I have a third thing. Having to look at the emergence of neo- stoicism in the late Renaissance, not a subject I would choose out of choice and its driving me slightly insane, hence the need to revert to subjects I am more comfortable with.
Its important to understand a later very conservative thinker I am interest in so I have no choice in the matter.
Coming form an earlier period of history that’s something of a bastard mix using a lot of social science based subjects notable anthropology and archeology, questions you want answered are different to the interests of later historians and for some reason Scottish history in this period has always bored me to death. Happy reading source material but find the secondary stuff takes some motivation.

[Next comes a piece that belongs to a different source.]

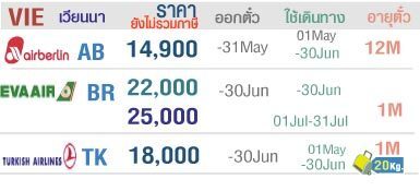 ตั๋วเครื่องบินเส้นทางกรุงเทพฯ - เวียนนา มีหลายสายการบินให้ท่านได้เลือกเดินทาง ติดต่อได้ที่ หจก.โกลเบิลเบลสซิ่ง 02-7285966 / 086-3141522

Looking at the idea of barnacle geese and the essential Welshness of Edinburgh castle should keep me sane as I confront more later historians and their very strange interests and inclinations.
I suppose I have an overlap with the barnacle goose and Neo Stoic Renaissance belief as after doing the grunt work on the late Renaissance got to see how far these elite beliefs may be influencing the two fictive creatures I am interested in wider popular culture the wild man and the later 17th century orangutang (again like the goose at this period its not a single species but a generic term for a range of ‘man like’ species).
The classification of unusual and memorable creatures draws in all cultural ranks into debate and argument. Means by which social differences can be displayed differences can be drawn or agreement and compromise can be made. Wondering about such things plays a role in how competitive social groups form wider identities and maintain social distinction.
Messy fluid subject, the ordering of the natural world is a seriously social processes and a point of exchange between elite and popular culture. Its in these spaces that wider human identities are given form and substance.